In mammals, nonassociative learning also involves a secondary form of habituation, called desensitization. Desensitization engages memory to record the habituation and then apply it more generally using a different, surrogate pathway, says Poon.
A study of respiratory rhythms first exposed desensitization as a type of nonassociative learning. If you take a deep breath, says Poon, filling his lungs, the Hering-Breuer reflex tells you not to breathe in anymore. Its time to relax and expire. But if a mechanical respirator is keeping a patients lungs artificially inflated with continual air pressure, a common therapy for patients with sleep apnea or in critical care to keep their lungs and airways open, it is also preventing the patient from breathing out. Meanwhile, the brain is keeping the patient from inhaling. The result of this deadlock is respiratory arrest.

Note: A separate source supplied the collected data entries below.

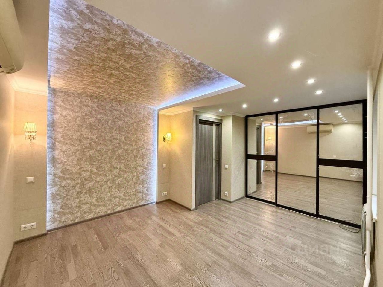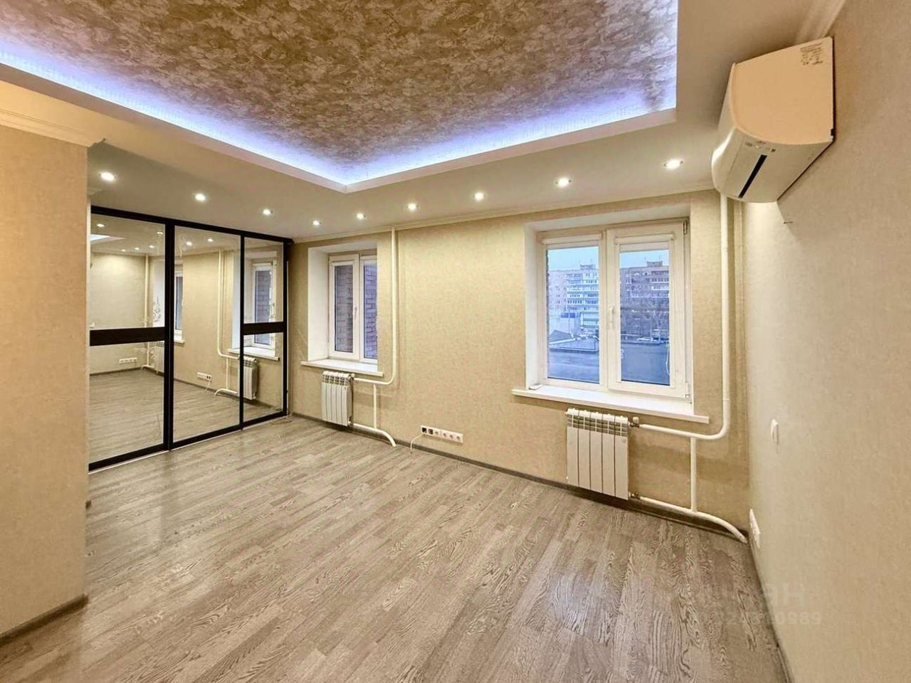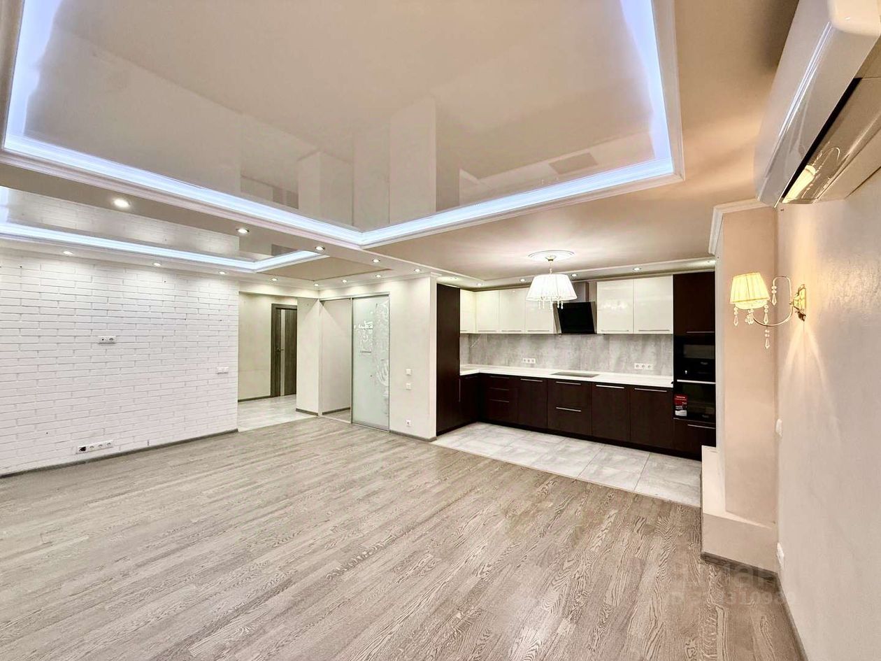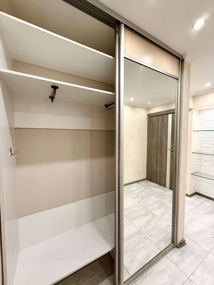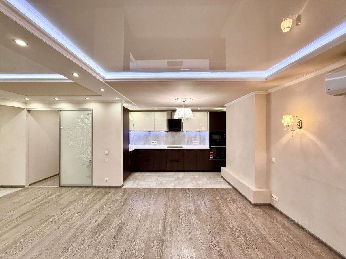 Просторная кухня-гостиная с подсветкой укомплектована современным гарнитуром со встроенной качественной техникой. Мощная сплит-система Delonghi в спальне и гостиной — 2 работающих кондиционера. Спальня имеет два окна, выходящих на южную сторону света, спокойное цветовое решение, оригинальное световое решение потолка и прикроватной зоны. Обратите особое внимание на вместительные встроенные шкафы в прихожей и спальне, а также на большую гардеробную — они раз и навсегда решат вашу проблему с хранением вещей — все будет в полном порядке.
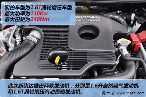 新一代TIIDA GTS采用了日产全新“T-Power”强劲动力系统开发理念,融“高动力输出+低燃油消耗”、“高响应速度”和“高稳定性”为一体,配备MR16 DIG TURBO直喷涡轮增压引擎与带6速手动模式XTRONIC CVT的全新动力组合,可以让消费者安心无忧地享受最畅快的驾驶乐趣。全新直喷涡轮增压引擎带来领先同级的澎湃动力输出,最大功率140KW,最大扭矩240Nm,使其成为国内同级量产车中升功率最大的车型,同时实现了同级最佳的加速性能。
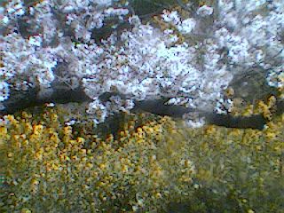 下の写真はお堀の菜の花と桜。でもロカティオの27万画素デジカメではなんだか判らないなぁ。嗚呼、単体のデジカメが欲しいな。
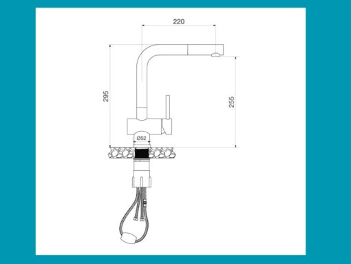• Đầu vòi có thể kéo dài mở rộng phạm vi làm việc
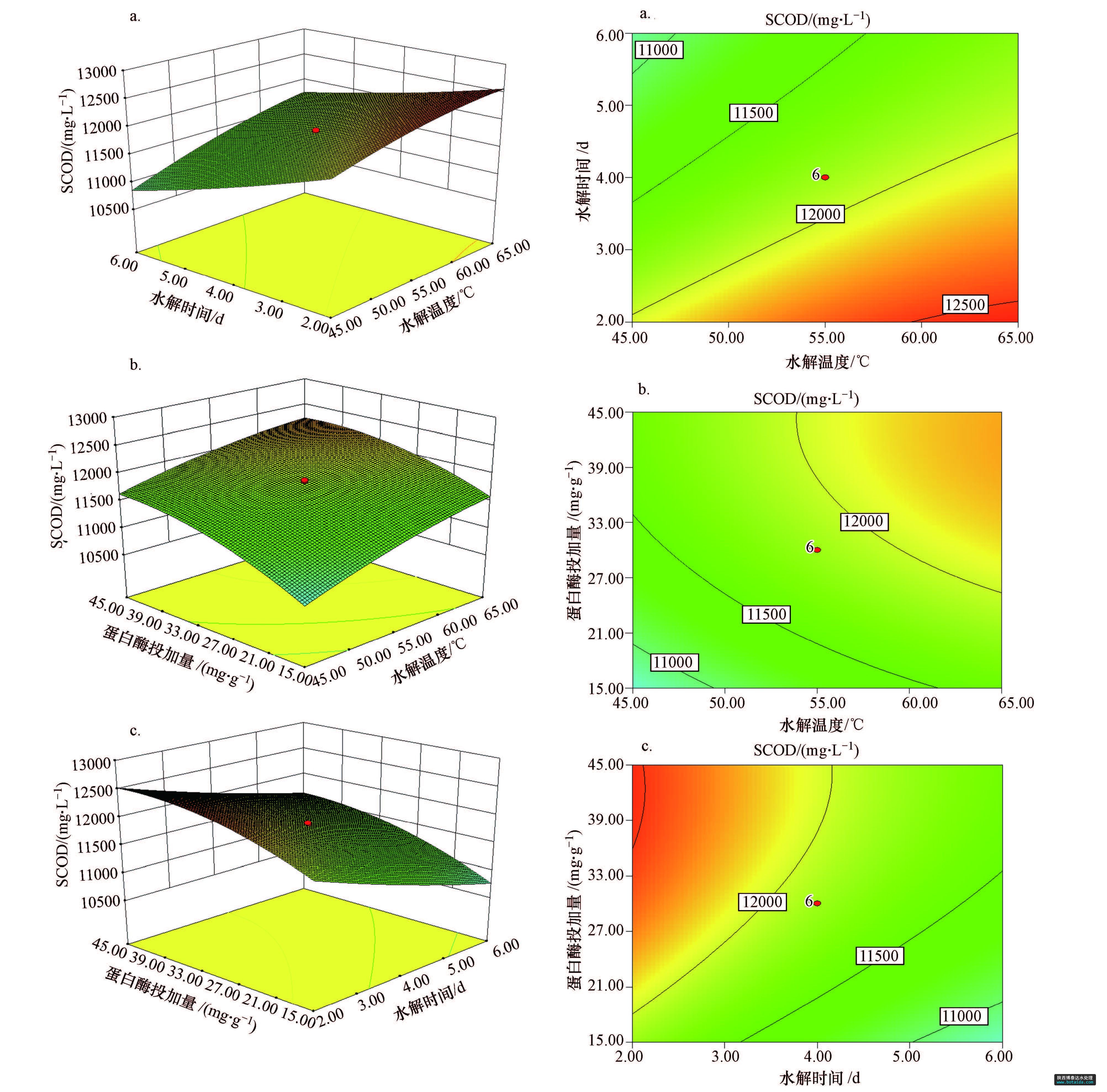 圖2 不同因素對(duì)SCOD濃度影響的響應(yīng)曲面圖和等高線圖(a.水解酸化時(shí)間和水解溫度,b.蛋白酶投加量和水解溫度,c.蛋白酶投加量和水解酸化時(shí)間)
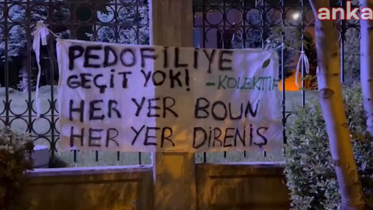 Gözaltılara tepki gösteren Ankara'da bir grup öğrenci Diyanet İşleri Başkanlığı'na "Pedofiliye Geçit Yok! Her yer BOÜN, her yer direniş" yazılı pankart astı.
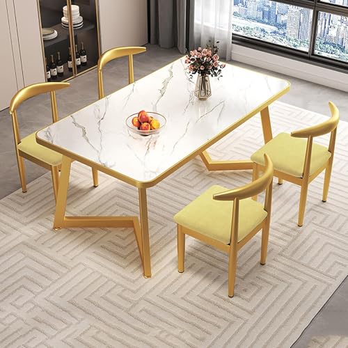 Built-in Chair Table, Dining Table Set One Table Four Chairs, Office Reception Room Club Table, Restaurant and Cafe(E,120x80x75cm)
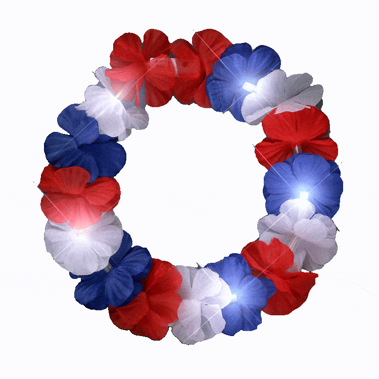 Hey there! I’m the fabulous Light Up Flower Hawaiian Stretch Crown, and let me tell you, I’m the life of the party! 🎉 When you wear me, you’re not just accessorizing; you’re making a statement. My red, white, and blue glory will have you looking like the ultimate patriot at any gathering!
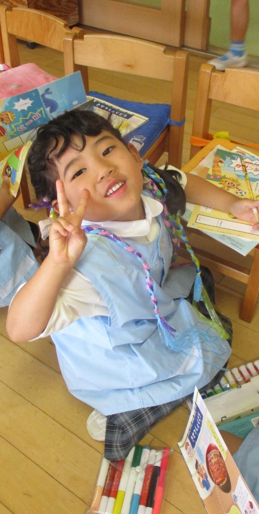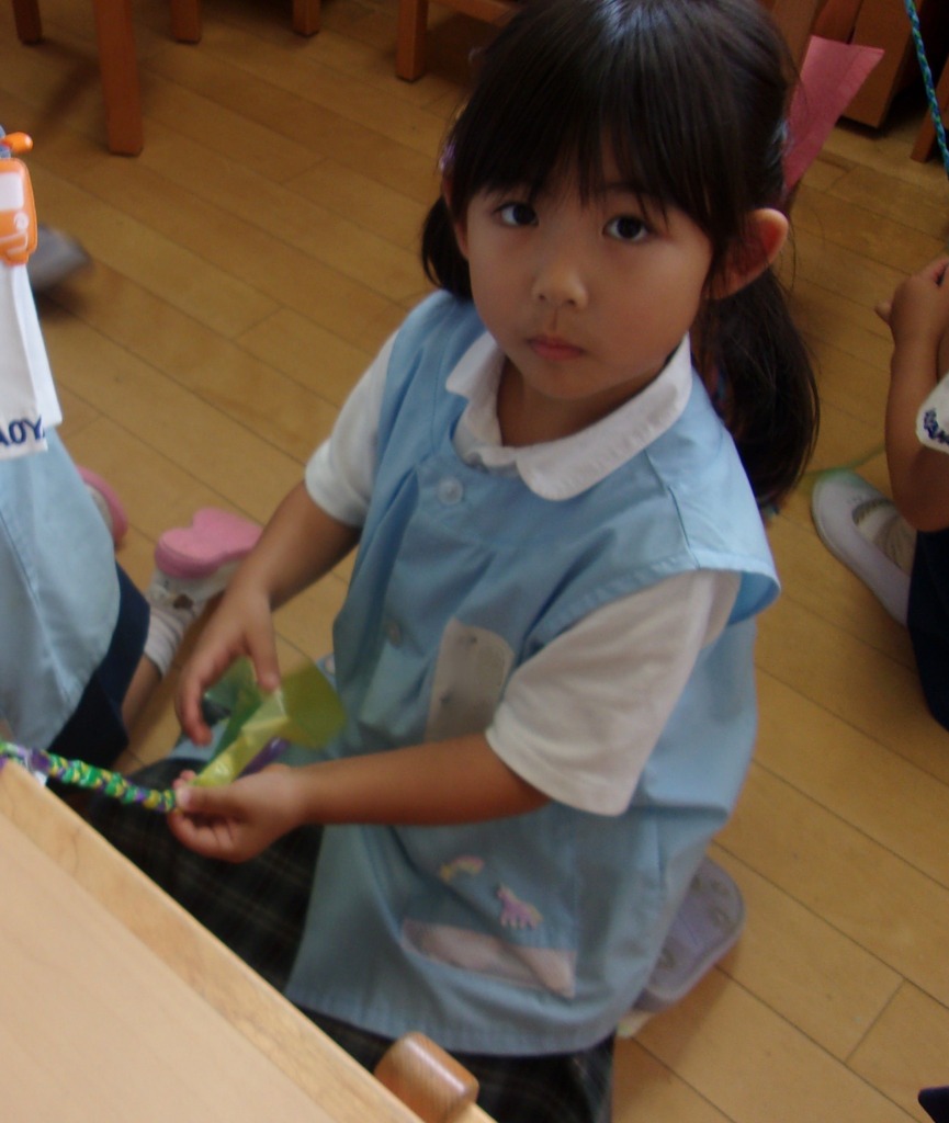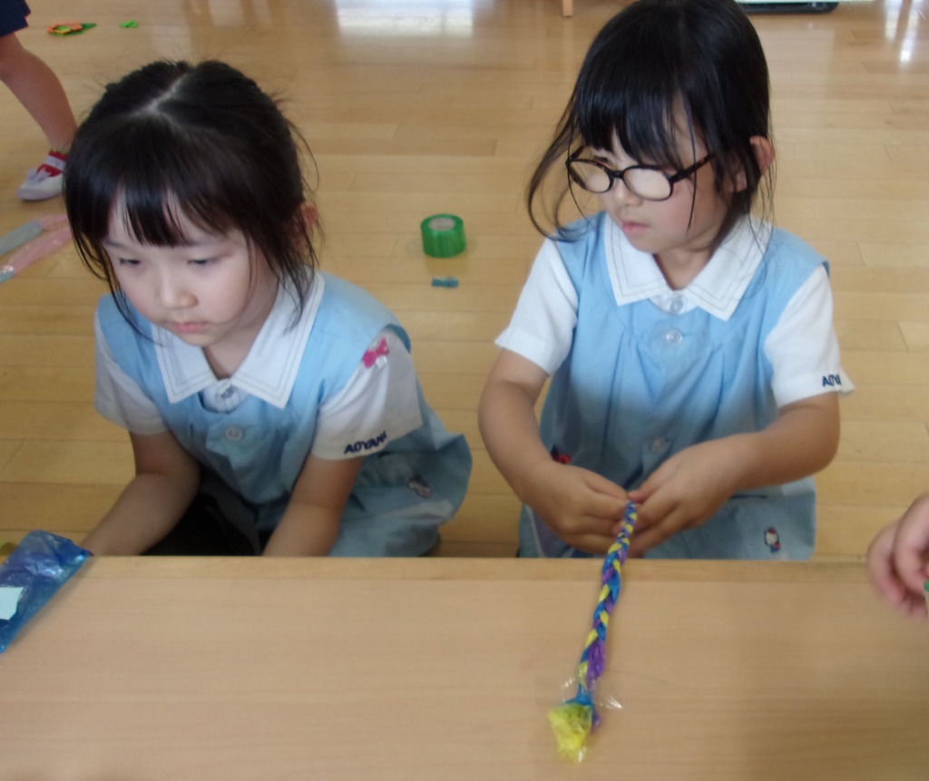 最近、年長組であるものが流行っています。それはスズランテープを使って「三つ編み」をすることです!以前制作をしたことがきっかけで女の子を中心にとても流行っています(*^。^*)作った三つ編みを髪の毛につけたり、遊び方はさまざまです☆制作がきっかけでどんどん挑戦する姿はとても素敵です💓
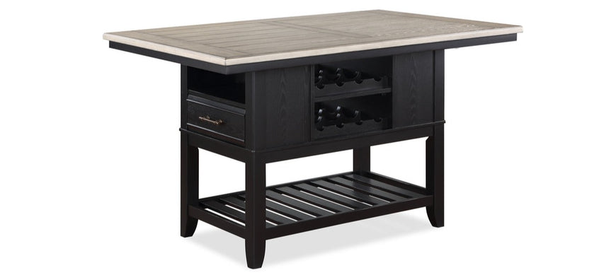 This counter-height dining table is designed to be both functional and stylish. The table features a built-in wine bottle storage area, perfect for keeping your favorite bottles of wine within easy reach while entertaining. The table also has an open bottom shelf that provides additional storage space for your dining essentials. Additionally, the table has a convenient drawer that can be used to store napkins, silverware, or other small items. The top of the table is perfect for serving meals, while the open shelf is ideal for displaying your favorite decor items. The sleek design and ample storage options make this table a great choice for any kitchen or dining area.
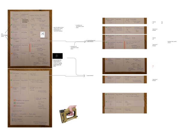 Dieses Konzept haben wir in einem einfachen Prototyp aus Pappe umgesetzt, um so ein besseres Gefühl für die Affordance, Größe und Anordnung der einzelnen Elemente zu bekommen.
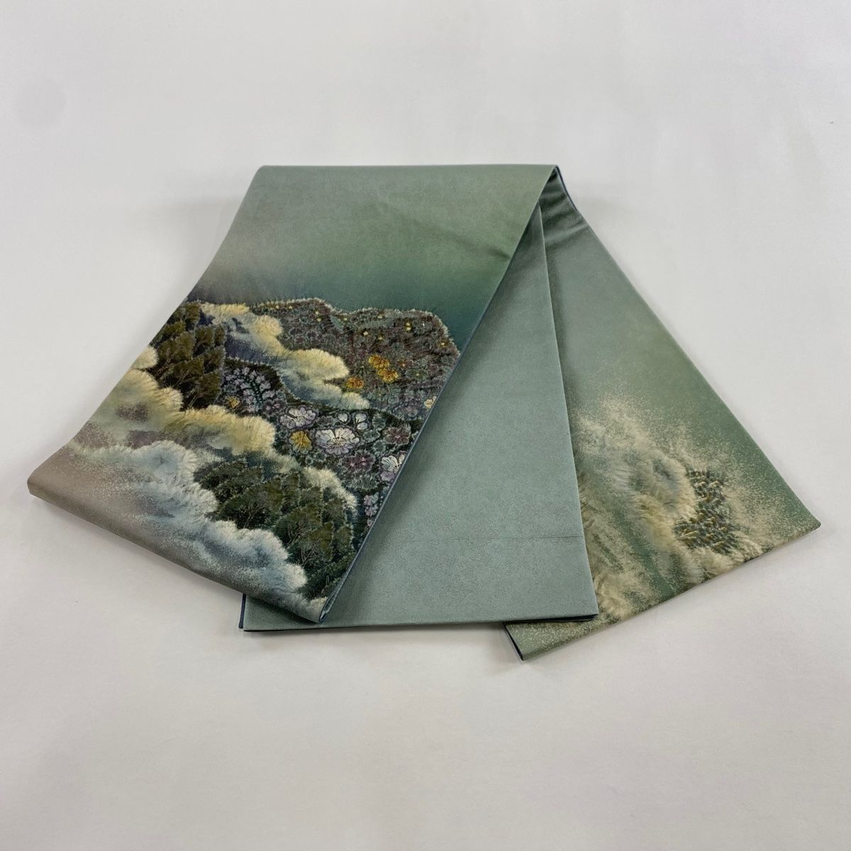 袋帯 吉乃一廉 落款 辻が花 雲文 金糸 ぼかし 灰緑 お太鼓柄 正絹
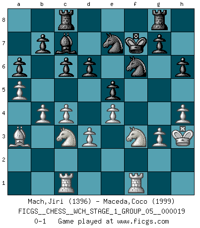 Last move : 0-1 2018 July 24 16:11:11 [Event "FICGS__CHESS__WCH_STAGE_1_GROUP_05__000019"] [Site "FICGS"] [Date "2018.03.02"] [Round "1"] [White "Mach,Jiri"] [Black "Maceda,Coco"] [Result "0-1"] [WhiteElo "1396"] [BlackElo "1999"] 1.c4 e5 2.Nc3 Nf6 3.Nf3 Nc6 4.g3 Bc5 5.Bg2 d6 6.O-O O-O 7.d3 a6 8.a3 h6 9.b4 Ba7 10.Bb2 Bg4 11.h3 Be6 12.Rc1 Qd7 13.Kh2 Rad8 14.Qa4 Ne7 15.Qxd7 Nxd7 16.a4 f5 17.Nd2 c6 18.Ba3 Ra8 19.a5 Bb8 20.e3 Re8 21.Rfe1 Bc7 22.h4 Rac8 23.Bh3 Kf7 24.e4 f4 25.Nf3 Bxh3 26.Kxh3 fxg3 27.fxg3 Rg8 28.Rf1 Nf6 0-1 English Opening Kingside Castling by player White (move 6) Kingside Castling by player Black (move 6) Player Black won this chess game. Follow this game move after move (download)My opponents make good moves too. Sometimes I don't take these things into consideration. (Bobby Fischer) Mit Schach schule ich mein Gefühl für Geometrie, was für Tennis und Schach gleichermaßen wichtig ist. (Boris Becker) Estaba muy claro de que el punto vulnerable del Gran Maestro Americano (Bobby Fischer) radicaba en las posiciones de doble filo, colgantes, irracionales, donde el siempre falló en encontrar un triunfo aún en una posición de clara victoria. (Efim Geller) Pour se monter efficace, un Cavalier a besoin d'avant-postes ! Les Cavaliers font les meilleurs bloqueurs de pions passés. The large trees attract high winds. (Chinese proverb)
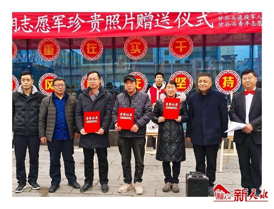 新天水讯 1月11日,甘谷县退役军人事务局、甘谷县摄影家协会举行抗美援朝老兵照片发放仪式暨38名抗美援朝老兵摄影展,展示老兵生活,传递人间真情,弘扬伟大的抗美援朝精神。

After a moment, however, habituation and desensitization kick in. The vagus nerve, which detects when the lungs are full, habituates to the full signal. At the same time, says Poon, the pneumotaxic center of the pons, the region of the brain that controls rhythmic breathing, counterbalances the Hering-Breuer reflex by zeroing out its relevant neural receptors. As a result, breathing resumes and begins to synchronize with the imposed rhythm of the respirator.
In tests of rats under artificial respiration, Poon found that, if using a suitable rhythm, rats adapted to the mechanical ventilation. Severing the vagus nerve, the nerve supporting habituation, eliminated their ability to adapt. Lesions in the pons, the region supporting desensitization, impaired adaptation.
Poon also found that this learning capability enabled mice to adapt to an artificial rhythm even when the mechanical respirators applied constant air pressure. The rats effectively tuned out this extra pressure, filtering it out as background noise.